Depending on the context of the term, asset refinance has various meanings:
- Used as a security for a loan
- Combined with other finance methods
- Refinancing business debt i.e debt consolidation
For the context of Company Rescue, we are focusing mainly on debt consolidation…
When businesses fall into trouble, debt can amount. The concept of refinancing business debt, means consolidating all of the debts into one, or changing one loan for another i.e swapping an expensive debt for a more affordable one. This allows breathing space for the struggling business.
It is essential that you chose the most suitable terms and rates provided by the chosen facilities, so the least risk is taken on.
The three benefits…
1. Savings from the lower rate of interest charged, or the smaller monthly repayments. You may chose to spread the same loan amount over a longer period of time, to reduce the size of individual repayment so each month the debt effect is less detrimental.
2. Simplicity from having one set of payments to your concern, rather than many. This allows single contact points rather than having to contact several lenders. Daily runnings of the business can be focused on instead.

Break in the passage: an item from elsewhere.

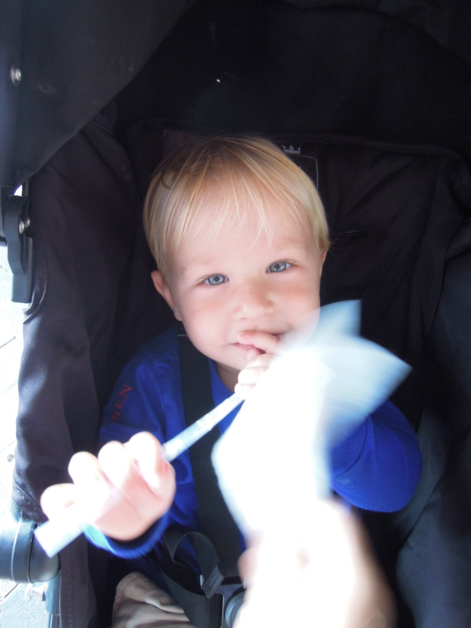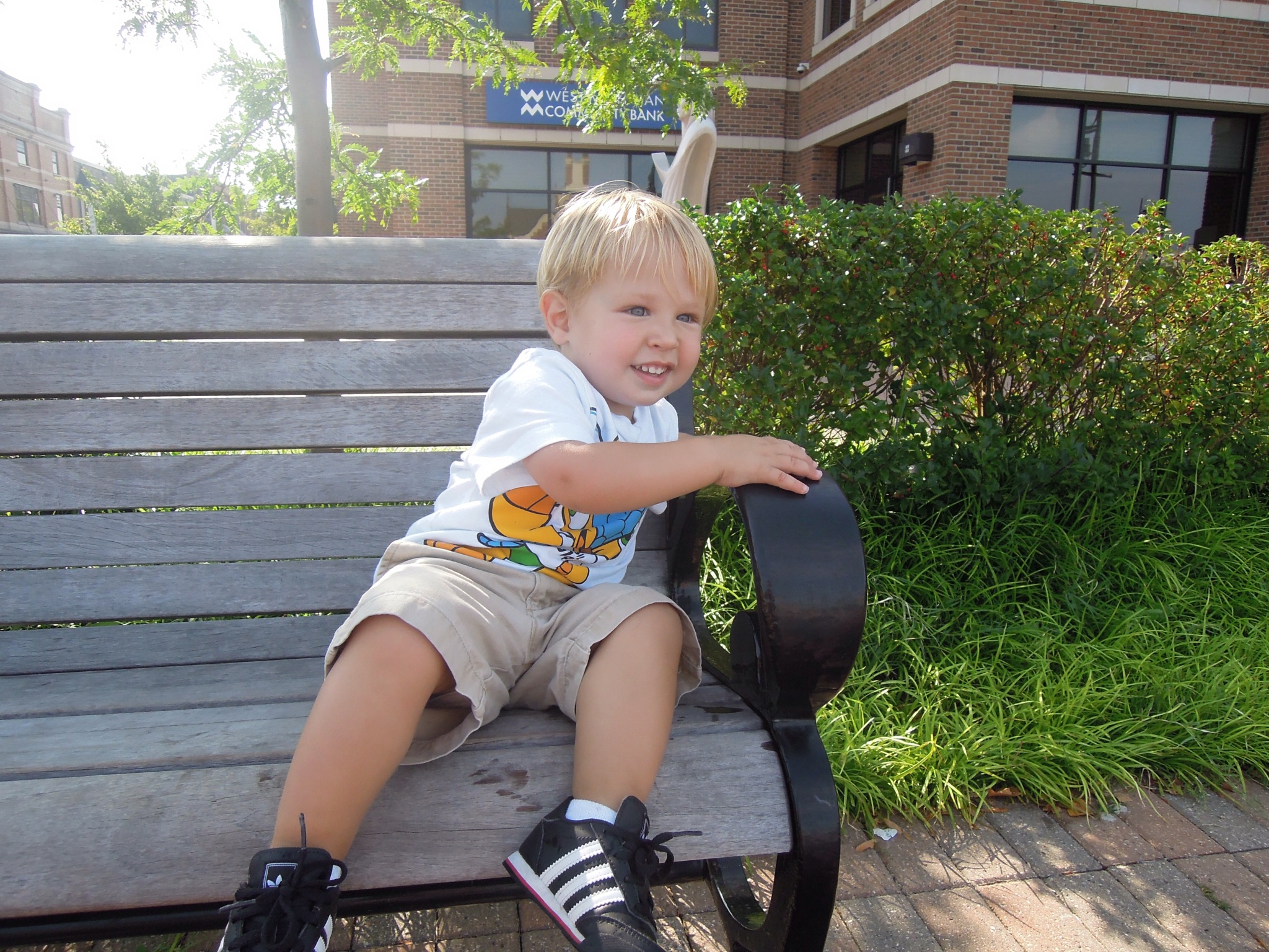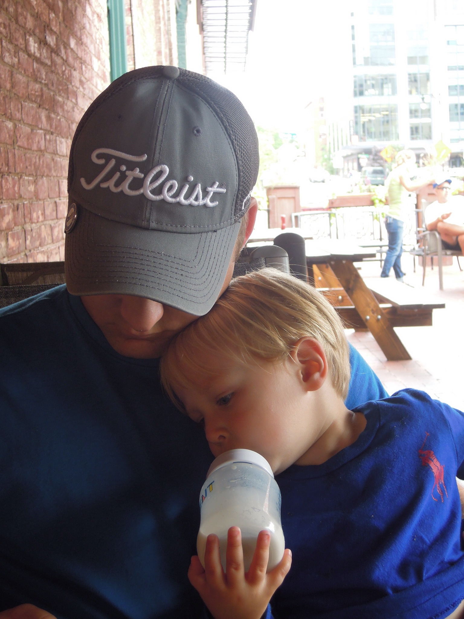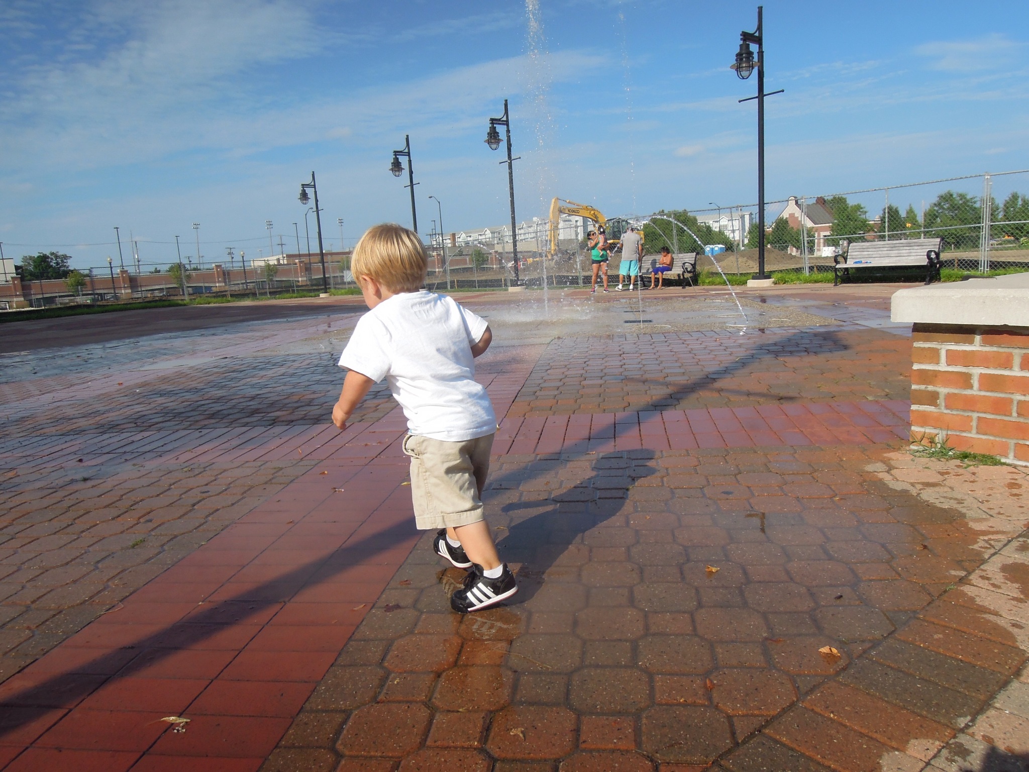 Daddy came home, happy and relaxed. With the sun shining, and nothing important on the agenda, lunch was dined al fresco. Then, Bambino discovered our downtown splash pad.

3. Safety from greater working capital being available.
Security for a loan
This is the use of assets (valuable business owned items) to secure a loan. If you cannot repay the business, lenders have every right to sell the asset to get their money back. Unsecured business loans also exist, these just having no particular asset attached – it is more risky as a more flexible decision arises for the lender, regarding what company asset to take.